The study population included respondents to the 2006 Census long-form questionnaire who consented to the use of their taxation data to determine their place of residence. Approximately 20% of the Canadian population receives the long-form questionnaire; the remainder receives a shorter version. The long-form questionnaire requests additional demographic, social and economic information about the individuals in the household. 14 We included only long-form respondents because we required information that was only collected from these individuals. We excluded nonresidents of Ontario, those with missing age or sex information, were younger than 18 or older than 105, or had a prior hospital admission or emergency department visit for SE (Fig. 1).

Figure 1: Flow diagram depicting the cohort build.

Potential Risk Factors

Most potential sociodemographic risk factors were obtained from the Census using variables that directly correspond to these concepts. These include sex, age, educational attainment, marital status, employment status, race, immigration status, second-generation Canadian, speaks one or more of Canada’s official languages, mother tongue, weekly number of hours spent on unpaid housework, childcare, senior care, household conditions (in need of repairs), individual-level household income and rurality.

Neighborhood household income and neighbourhood marginalization (dimensions: instability, deprivation, dependency and ethnic concentration) were assigned to participants using the PCCF + and CAN-Marg databases, respectively, using their postal code of residence at baseline, the census administration date of May 16, 2006. Participants’ baseline postal code of residence was available from the Historical Postal Code file.

We also investigated comorbid conditions that increase the risk of seizures, epilepsy, or SE as potential risk factors. Alcohol and drug abuse, chronic kidney disease (CKD) and diabetes increase the risk of provoked seizures. Reference Misra and Kalita15,Reference Verrotti, Scaparrotta, Olivieri and Chiarelli16 These conditions were identified using International Classification of Diseases 10th Revision (ICD-10) codes in the DAD and NACRS databases within the two years before baseline.

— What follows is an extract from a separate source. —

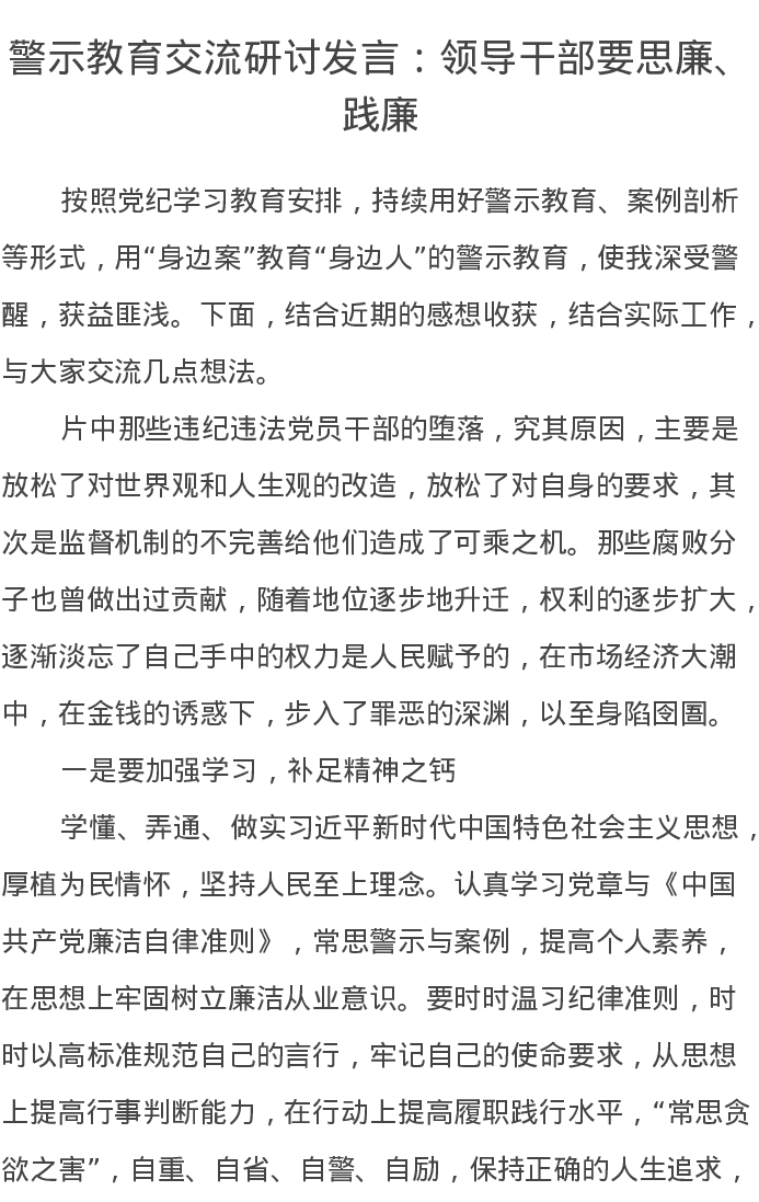 警示教育交流研讨发言:领导干部要思廉、践廉

Brain tumors, central nervous system (CNS) infections, dementia, depression or anxiety, epilepsy or seizures, stroke and traumatic brain injuries (TBIs) are known to increase the risk of epilepsy or SE. Reference Fountain7,Reference Caramelli and Castro17,Reference Tellez-Zenteno, Patten, Jetté, Williams and Wiebe18 These comorbid conditions were identified using ICD-9 and ICD-10 codes in all available DAD and NACRS data before baseline (since 2000 for the DAD and 2002 for the NACRS). As cancer also increases the risk of epilepsy, Reference Gonzalez Castro and Milligan19 diagnoses within the five years before baseline were identified using the CCR. The specific ICD codes used to define these comorbid conditions are available in the supplementary material (eTable 2).

Outcome

Participants were followed from baseline, May 16, 2006, until they were admitted to a hospital or visited an emergency room for SE, their death, or the end of the follow-up period, May 15, 2009. First-episode SE was defined using ICD-10 code G41: status epilepticus identified in the primary diagnostic position in the DAD and NACRS databases. The CVSD and CMDB were used to identify deaths.

Statistical Analysis

We estimated the cumulative incidence and incidence rate of first-episode SE in our study population. We also age-standardized the estimated incidence rate using the full 2006 Canadian population.

In the bivariate analysis, we assessed whether there were differences in each potential risk factor between those who did and did not develop SE using standardized differences, with differences greater than 0.1 considered statistically significant. In the multivariable analysis, we included selected risk factors in the Cox proportional hazards regression model to estimate the hazard ratios (HRs) for their associations with first-episode SE. These risk factors were selected based on the standardized differences from the bivariate analysis and how common the risk factors were among patients who developed SE. For example, we excluded the variables for time spent on child and senior care, as few people who developed SE spent more than five hours per week on these tasks. A p-value of 0.05 was used to determine statistical significance.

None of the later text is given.